So in a sense func(T) bool and Set[T] are “the same thing”. We can transform a question about one into a question about the other and back.

As we observed above it is important how a boolean function is given. To take that into account we have to also convert boolean operators into set operations:

// Union(s, t) contains all elements which are in s *or* in t.
func Union(s, t Set[T]) Set[T] {
return MakeSet(func(v T) bool {
return s.Contains(v) || t.Contains(v)
})
}

// Intersect(s, t) contains all elements which are in s *and* in t.
func Intersect(s, t Set[T]) Set[T] {
return MakeSet(func(v T) bool {
return s.Contains(v) && t.Contains(v)
})
}

// Complement(s) contains all elements which are *not* in s.
func Complement(s Set[T]) Set[T] {
return MakeSet(func(v T) bool {
return !s.Contains(v)
})
}


And back:

// Or creates a function which returns if f or g is true.
func Or(f, g func(T) bool) func(T) bool {
return MakeFunc(Union(MakeSet(f), MakeSet(g)))
}

// And creates a function which returns if f and g are true.
func And(f, g func(T) bool) func(T) bool {
return MakeFunc(Intersect(MakeSet(f), MakeSet(g)))
}

// Not creates a function which returns if f is false
func Not(f func(T) bool) func(T) bool {
return MakeFunc(Complement(MakeSet(f)))
}


The takeaway from all of this is that constructing a set using Union, Intersect and Complement is really the same as writing a boolean function using ||, && and !.

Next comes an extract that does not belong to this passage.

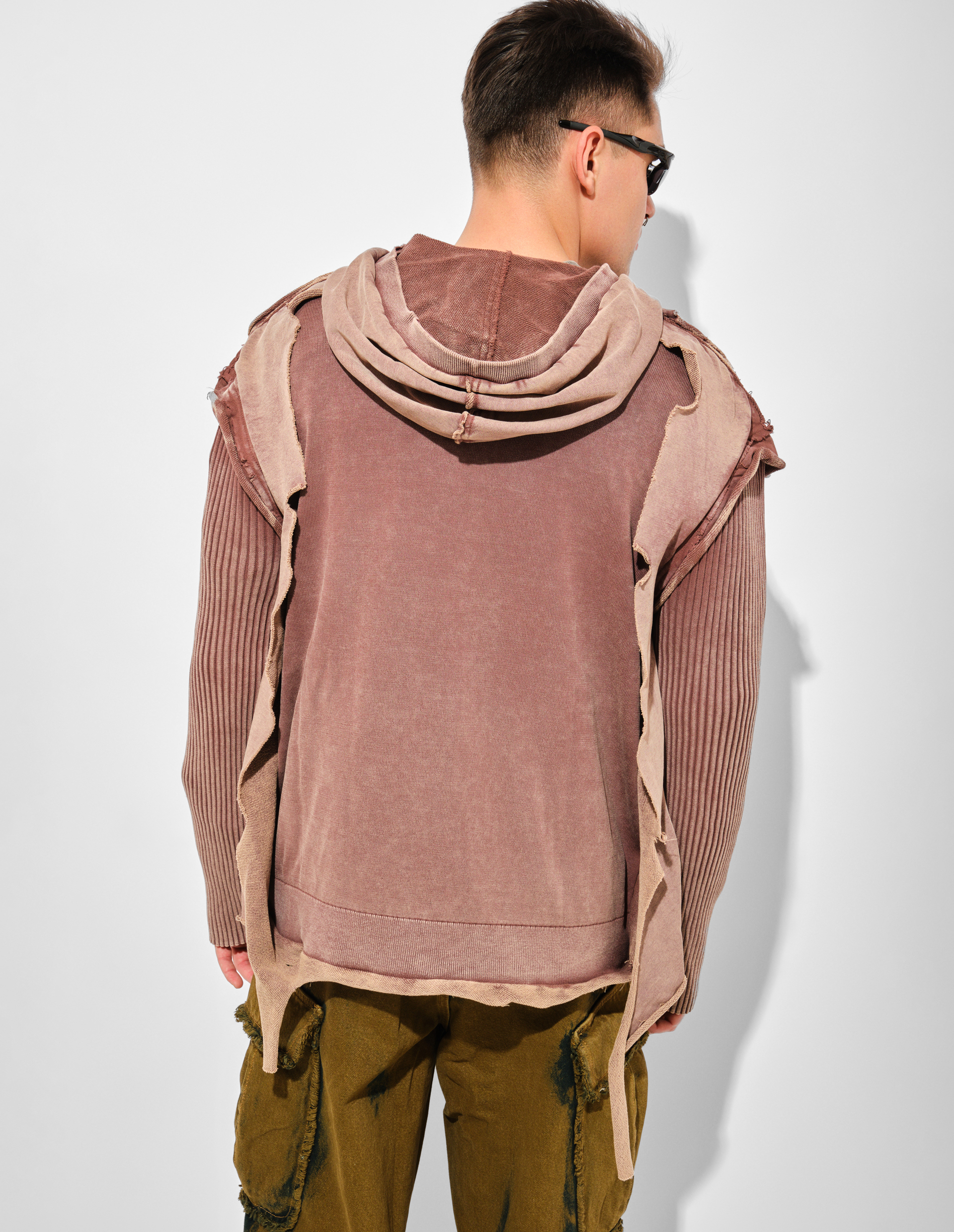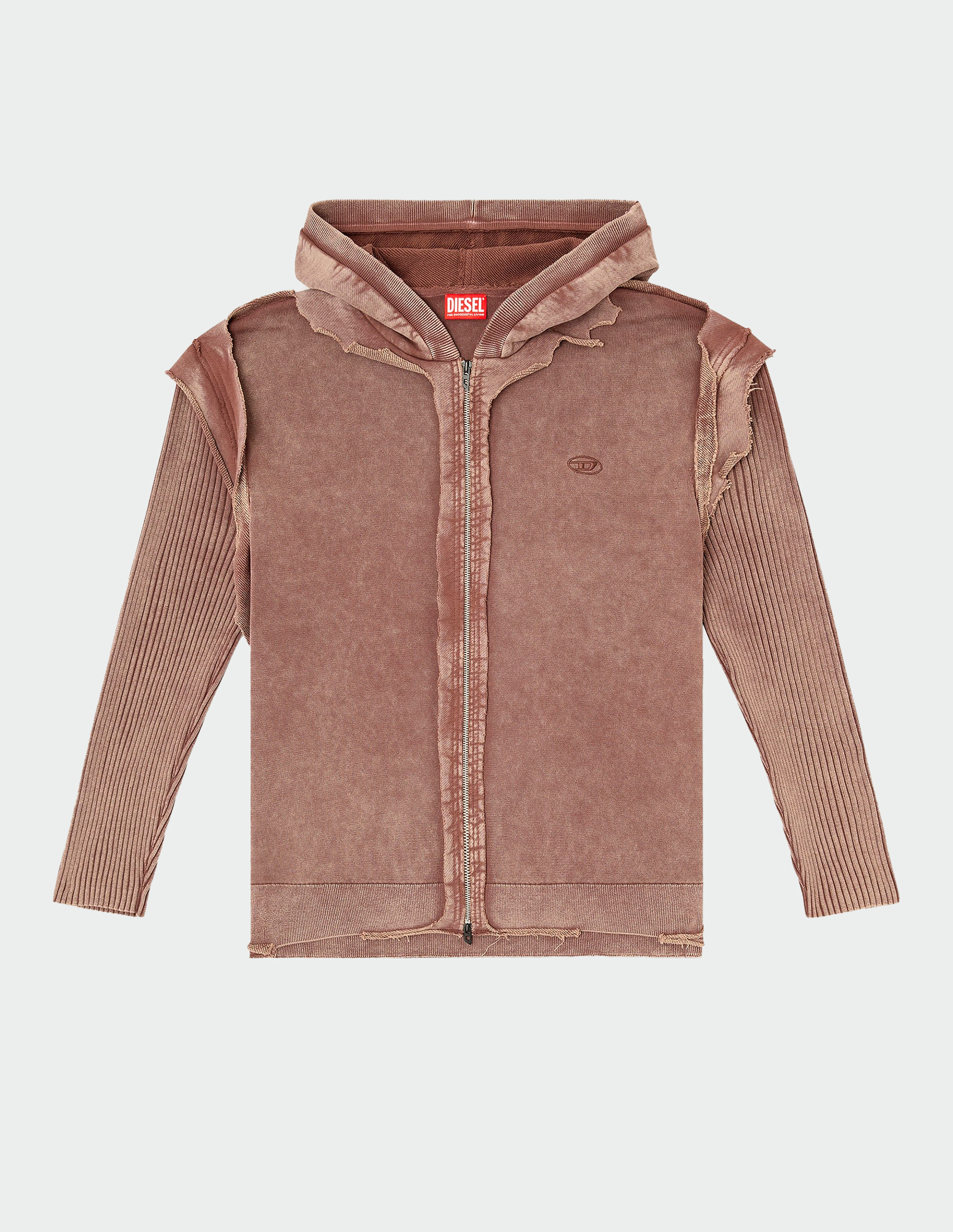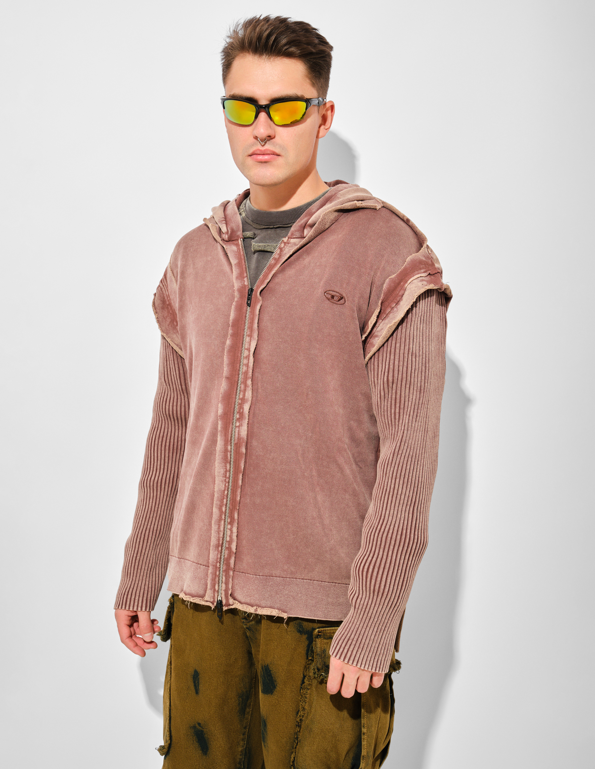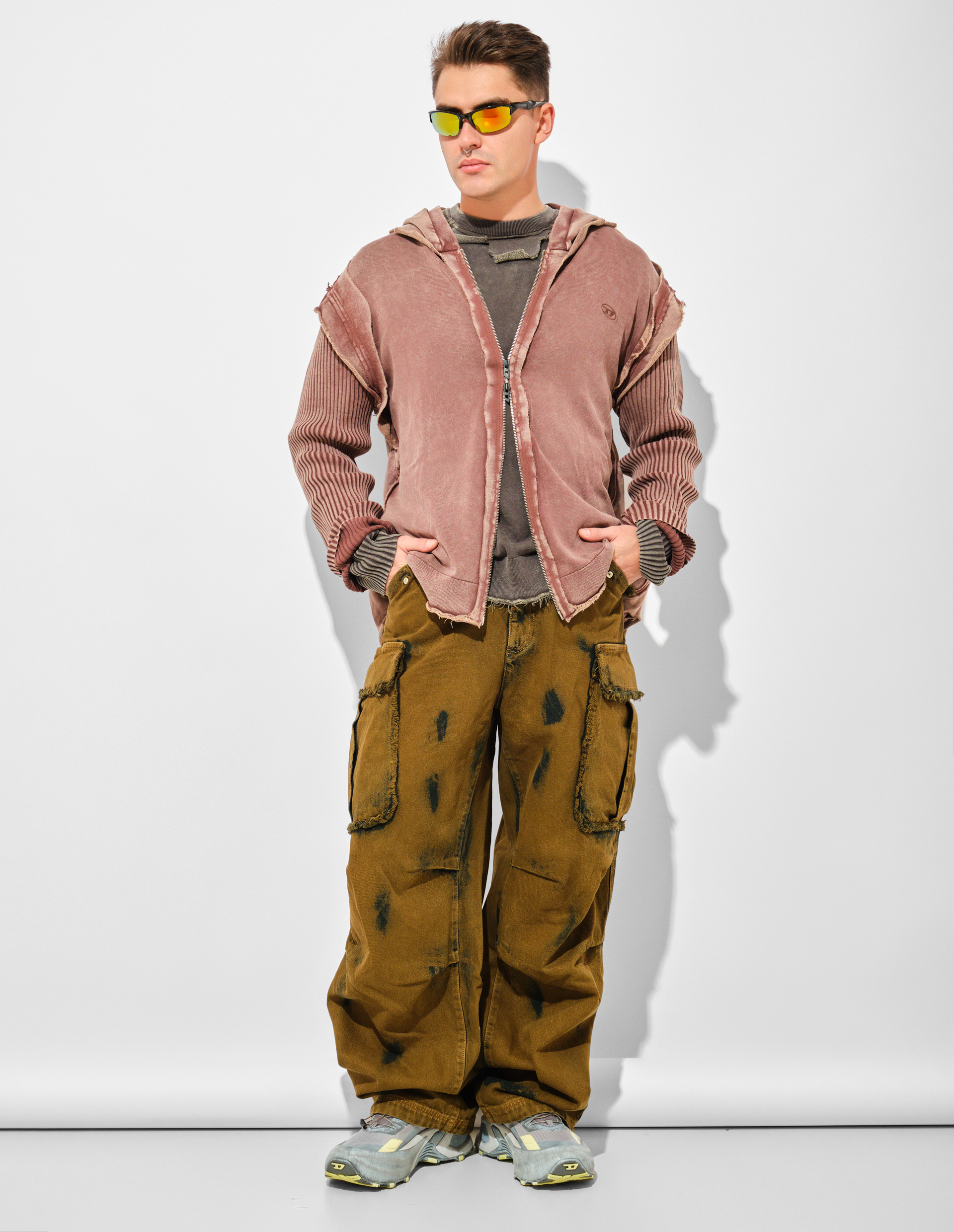 Это худи с разрушенной фактурой становится воплощением бунтарского духа Diesel. Модель с эффектом отслоения ткани демонстрирует намеренное уничтожение формы: наружный слой прорезан и удален, оставляя лишь фрагменты материала. Ребристые манжеты и двухслойный трикотажный корпус контрастируют с деструктивным дизайном, а коричневый оттенок, полученный после покраски готового изделия, подчеркивает винтажный характер.

And proving that a set constructed in this way is empty is the same as proving that a corresponding boolean function is never true.

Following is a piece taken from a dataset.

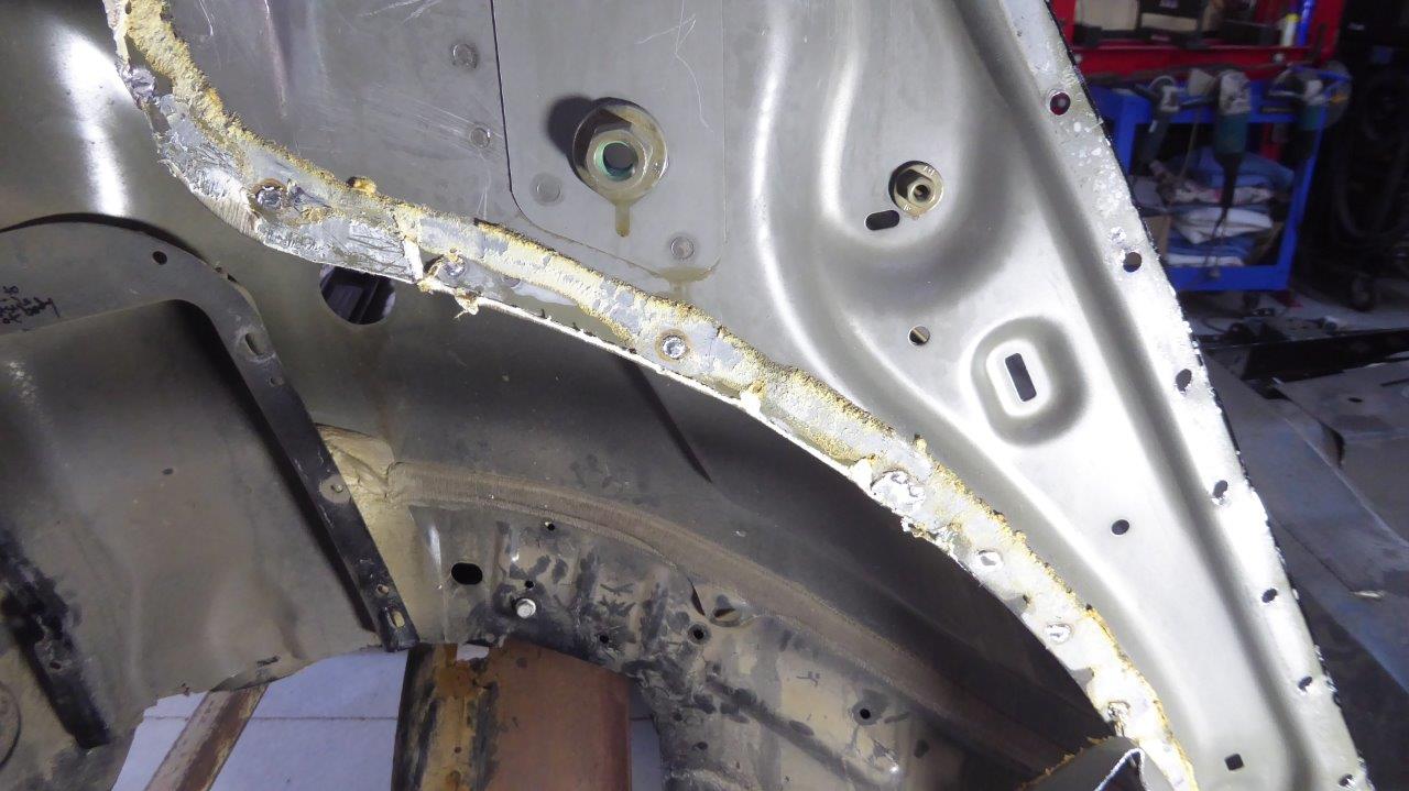 On to the other side. The part that is painted body colour actually really thin at only 0.8mm or 21 gauge and is only spot welded to the under lying piece around the perimeter and a few spots near the hinges.
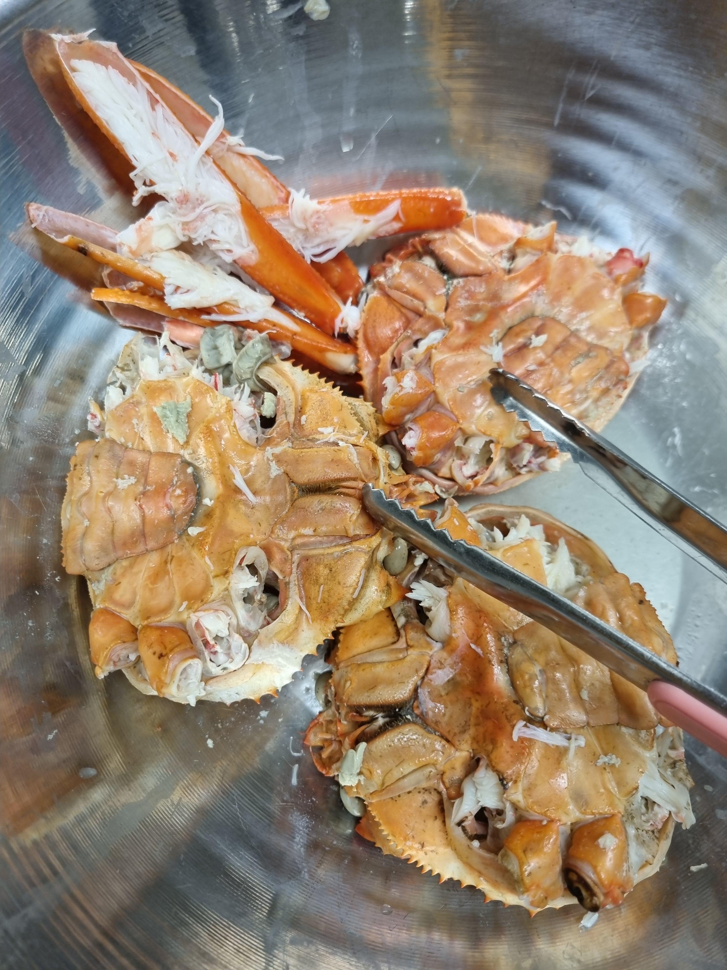 데우고자 하신다면 살짝 잠길만큼 물을 넣고 끓인 후, 불을 끄고 배를 위로 향하게 해서 뚜껑 닫고 몇분 두시면 된대요. 자숙홍게를 새로 찌게 되면 먹을 수 없게 된대요.

And because checking that a boolean function is never true is NP-complete, so is checking if one of the sets constructed like this.

With this, let us look at the specific sets we are interested in.

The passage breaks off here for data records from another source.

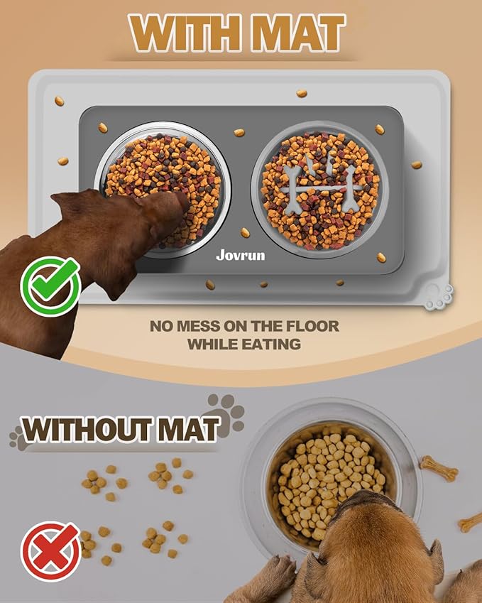 - Fully Equipped & Dishwasher Safe: Comes with a total of two stainless steel bowls and 1 slow feeder dog bowls and a 21.6 x 14.9 inches Silicone Mat. The size of the bowls is 7.8 inches inner diameter, perfect for dry kibble, wet food, treats, or water. The raised dog food bowls for large dogs are safe for easy cleaning, you can put the whole bowl in the dishwasher.
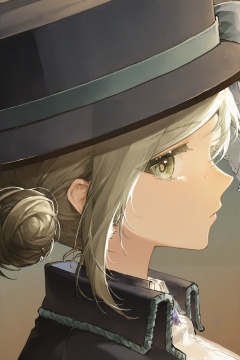 vertin \(reverse:1999\),1girl,black coat,boater hat,coat,freckles,from side,gradient background,green eyes,grey hair,hair bun,looking at viewer,portrait,profile,shirt,short hair,single side bun,solo,white shirt,<lora:光辉重返未来0.3版本XL-000004:1>,cfwl/zyhf,
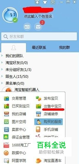 确定设置完之后回到左边菜单栏点击出售中的宝贝,进去。
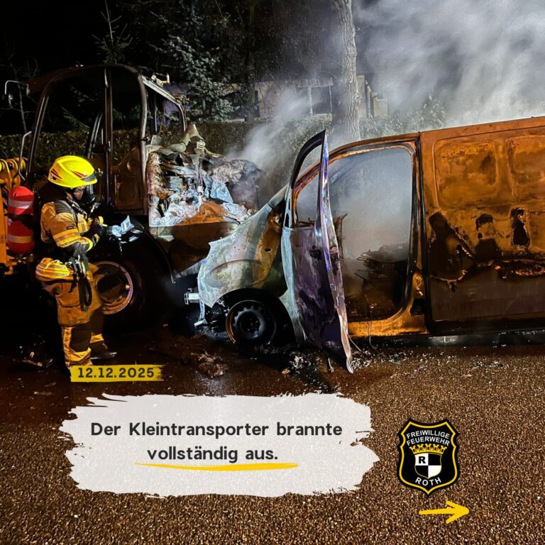 In den Morgenstunden kam es zu einem Unfall auf der Münchener Straße in Folge dessen zwei Fahrzeuge ganz oder teilweise ausbrannten. Ein Kleintransporter fuhr aus unklarer Ursache auf einen ordnungsgemäß abgestellten Radlader – beide Fahrzeuge fingen Feuer. Unter schwerem Atemschutz konnten wir den Brand schnell eindämmen. Die ausgelaufenen Betriebsmittel banden wir in der Folge ebenfalls ab. Letztlich zog sich der Einsatz aber durch die aufwändige Bergung und die notwendige Reinigung der Straße bis in die Mittagszeit – die Münchener Straße musste aus diesem Grund leider bis kurz vor 13 Uhr gesperrt werden.
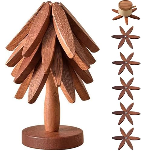 Liecho - حوامل خشبية للاطباق الساخنة، مجموعة حوامل على شكل شجرة من خشب سبيلي للاواني الساخنة والمقالي (5 طبقات + حامل واحد)
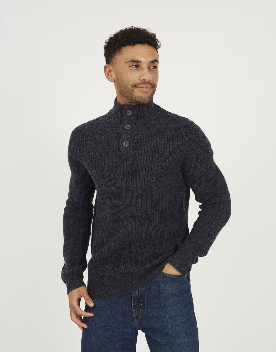 The navy funnel neck jumper is designed with a buttoned closure, offering a timeless fitted silhouette. Perfect for layering over shirts or under blazers, this piece is ideal for casual outings or smart-casual ensembles.
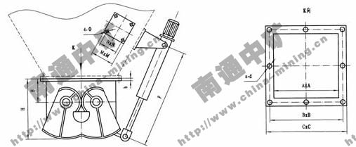 鄂式閘門由本體、扇形閘板、軸、齒輪、密封副,執(zhí)行機(jī)構(gòu)等部件構(gòu)成。手動或執(zhí)行機(jī)構(gòu)推動搖桿,使齒輪帶動扇形閘板沿軸心旋轉(zhuǎn),使兩個(gè)扇形閘板向兩邊開啟,物料隨即下落,待接料裝置滿載后,由執(zhí)行機(jī)構(gòu)帶動搖桿,使扇形閘板復(fù)位,關(guān)閉截?cái)嘞侣涞奈锪稀?/p>
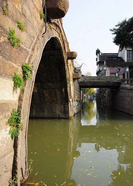 沿河的老房子,依水而筑。进深都很浅,早先都是住着人家的,那些老苏州,不知多少代人,就一直住在里面。现在因为平江路开发为旅游的景区,平江路两侧的居民都搬走了。这些老房子也重新修葺过,修旧如旧,租给商家们开店做生意。这些店面,有好几家都开了供游客享用西餐、休息的咖啡店。在里面,一边品尝着刚出锅的披萨,一边听着优雅的苏州评弹,想必真的是天堂一般的生活。

## Basic interfaces as type sets#

Interfaces in Go are used to describe sets of types. For example, the interface

type S interface {
X()
Y()
Z()
}


is “the set of all types which have a method X() and a method Y() and a method Z()”.

We can also express set intersection, using interface embedding:

type S interface { X() }
type T interface { Y() }
type U interface {
S
T
}


This expresses the intersection of S and T as an interface. Or we can view the property “has a method X()” as a boolean variable and think of this as the formula x && y.

Surprisingly, there is also a limited form of negation. It happens implicitly, because a type can not have two different methods with the same name. Implicitly, if a type has a method X() it does not have a method X() int for example:

type X interface { X() }
type NotX interface{ X() int }


There is a small snag: A type can have neither a method X() nor have a method X() int. That’s why our negation operator is limited. Real boolean variables are always either true or false, whereas our negation also allows them to be neither. In mathematics we say that this logic language lacks the law of the excluded middle (also called “Tertium Non Datur” - “there is no third”). For this section, that does not matter. But we have to worry about it later.

Because we have intersection and negation, we can express interfaces which could never be satisfied by any type (i.e. which describe an empty type set):

interface{ X; NotX }


The compiler rejects such interfaces. But how can it do that? Did we not say above that checking if a set is empty is NP-complete?

The reason this works is that we only have negation and conjunction (&&). So all the boolean expressions we can build with this language have the form

x && y && !z


These expressions are in DNF! We have a term, which contains a couple of variables - possibly negated - and joins them together using &&. We don’t have ||, so there is only a single term.

Solving satisfiability in DNF is easy, as we said. So with the language as we have described it so far, we can only express type sets which are easy to check for emptiness.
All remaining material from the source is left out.